Excerpted data:
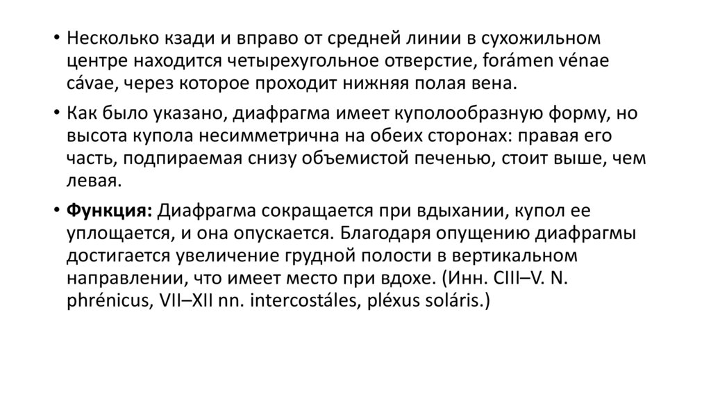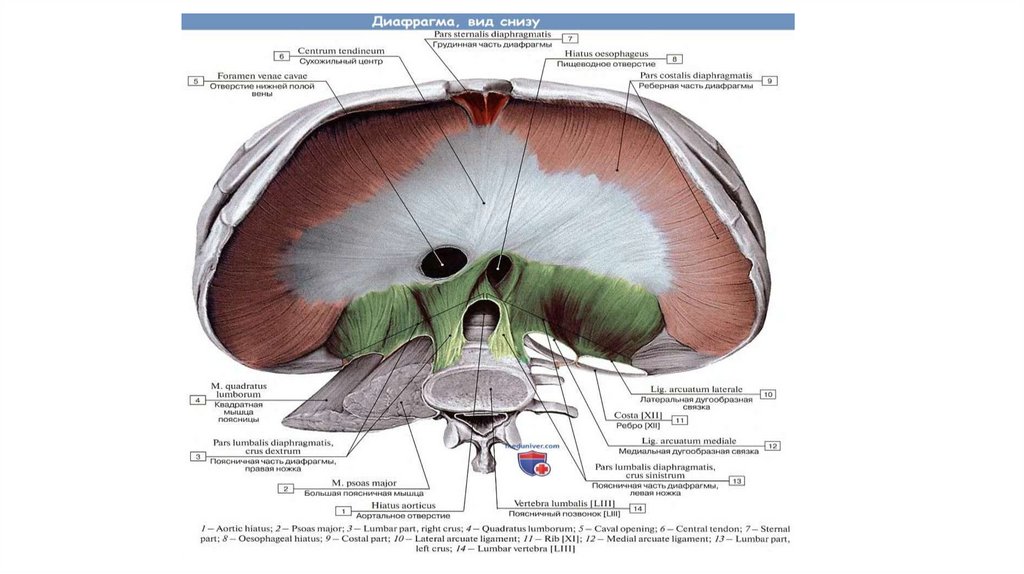 • Диафрагма, diaphrágma-представляет плоскую тонкую мышцу, m. phrénicus,
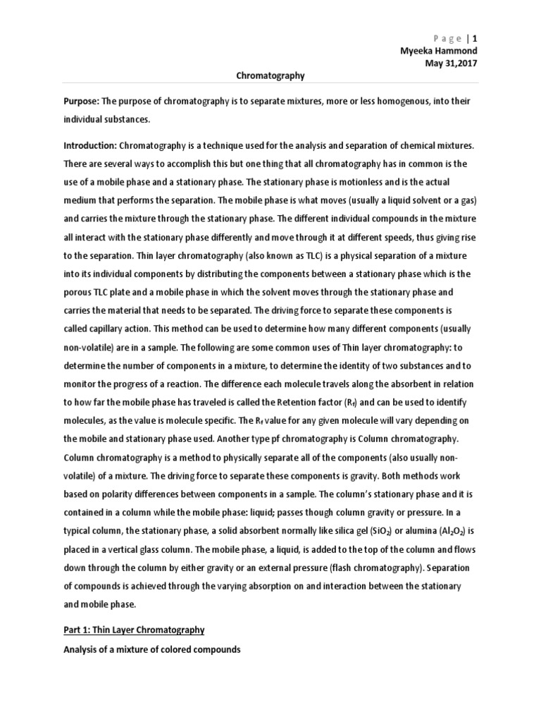 Lab Report 4 Chromatography.docx Chromatography Thin Layer
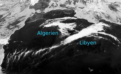 Deutlich heben sich die im Infrarot-Satellitenbild von Mittwoch Mittag die hell dargestellten Wolken (mit kühler Temperatur) von der dunkel dargestellten Erdoberfläche (mit warmer Temperatur) ab. Ein Wolkenband reicht dabei in zerfledderter Strukur bis nach Mauretanien an der Atlantikküste. Die Wolken gehören zu einer schwachen Tiefdruckstörung, bringen aber nur in Libyen unergiebigen Regen. (Bildquelle: NERC Satellite Receiving Station, Dundee University, Scotland, http://www.sat.dundee.ac.uk/)
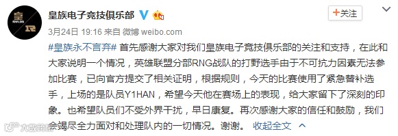 虽然此前有不少带节奏的声音喊着“Mlxg已经离开RNG”、“香锅与队友不和私自离队”,但随着香锅回到基地训练,这些谣言也不攻自破。不过就在大家都以为将在上周RNG对阵QG的比赛中香锅将会上场时,等来的却不是香锅,而是RNG官博的一份声明。
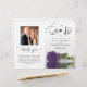 This beautiful wedding program is both modern and elegant. The DIY folded design features modern script lettering on the front reading "we do" with the names of the couple and wedding date/location. There is a photo of a beautiful amethyst purple coloured rose reflecting in a pool of water with waves and ripples. The inside has the same flower as a watermark background with space for the ceremony and bridal party details. The back features your photo and a customisable thank you note. Sophisticated, stylish, and chic, these programs will add class and style to your wedding celebration.
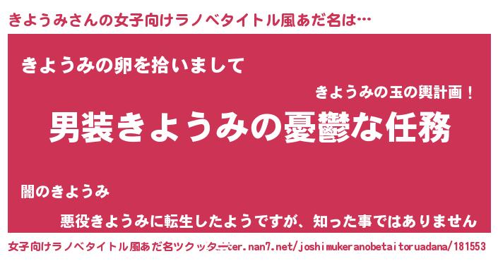 | 男性向けラノベタイトル風あだ名 | 『うちのきようみが世界を掌握している!』 |
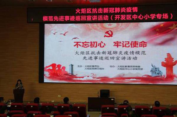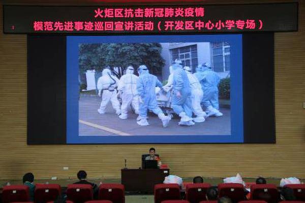 為大力宣傳開發(fā)區(qū)疫情防控斗爭中涌現(xiàn)出的“抗疫先鋒”光榮事跡,弘揚主動擔當?shù)暮迫徽龤夂蜔o私奉獻的高尚精神,厚植廣大師生愛國主義和家國情懷,6月24日上午9點,開發(fā)區(qū)抗擊新冠肺炎疫情模范先進事例宣講活動在開發(fā)區(qū)中心小學學術報告廳開展,區(qū)宣傳辦韓永、區(qū)教育事務指導中心副主任關影紅、開發(fā)區(qū)中心小學副校長劉剛毅、副校長孫寧、全體黨員教師、學生代表以及區(qū)內(nèi)各兄弟學校教師代表共計有130余人參加此次活動。

Description of the task: Repeat the listing word for word, omitting the pictures.

Answer:
 • Диафрагма, diaphrágma-представляет плоскую тонкую мышцу, m. phrénicus,
 Lab Report 4 Chromatography.docx Chromatography Thin Layer
 Deutlich heben sich die im Infrarot-Satellitenbild von Mittwoch Mittag die hell dargestellten Wolken (mit kühler Temperatur) von der dunkel dargestellten Erdoberfläche (mit warmer Temperatur) ab. Ein Wolkenband reicht dabei in zerfledderter Strukur bis nach Mauretanien an der Atlantikküste. Die Wolken gehören zu einer schwachen Tiefdruckstörung, bringen aber nur in Libyen unergiebigen Regen. (Bildquelle: NERC Satellite Receiving Station, Dundee University, Scotland, http://www.sat.dundee.ac.uk/)
 虽然此前有不少带节奏的声音喊着“Mlxg已经离开RNG”、“香锅与队友不和私自离队”,但随着香锅回到基地训练,这些谣言也不攻自破。不过就在大家都以为将在上周RNG对阵QG的比赛中香锅将会上场时,等来的却不是香锅,而是RNG官博的一份声明。
 This beautiful wedding program is both modern and elegant. The DIY folded design features modern script lettering on the front reading "we do" with the names of the couple and wedding date/location. There is a photo of a beautiful amethyst purple coloured rose reflecting in a pool of water with waves and ripples. The inside has the same flower as a watermark background with space for the ceremony and bridal party details. The back features your photo and a customisable thank you note. Sophisticated, stylish, and chic, these programs will add class and style to your wedding celebration.
 | 男性向けラノベタイトル風あだ名 | 『うちのきようみが世界を掌握している!』 |
 為大力宣傳開發(fā)區(qū)疫情防控斗爭中涌現(xiàn)出的“抗疫先鋒”光榮事跡,弘揚主動擔當?shù)暮迫徽龤夂蜔o私奉獻的高尚精神,厚植廣大師生愛國主義和家國情懷,6月24日上午9點,開發(fā)區(qū)抗擊新冠肺炎疫情模范先進事例宣講活動在開發(fā)區(qū)中心小學學術報告廳開展,區(qū)宣傳辦韓永、區(qū)教育事務指導中心副主任關影紅、開發(fā)區(qū)中心小學副校長劉剛毅、副校長孫寧、全體黨員教師、學生代表以及區(qū)內(nèi)各兄弟學校教師代表共計有130余人參加此次活動。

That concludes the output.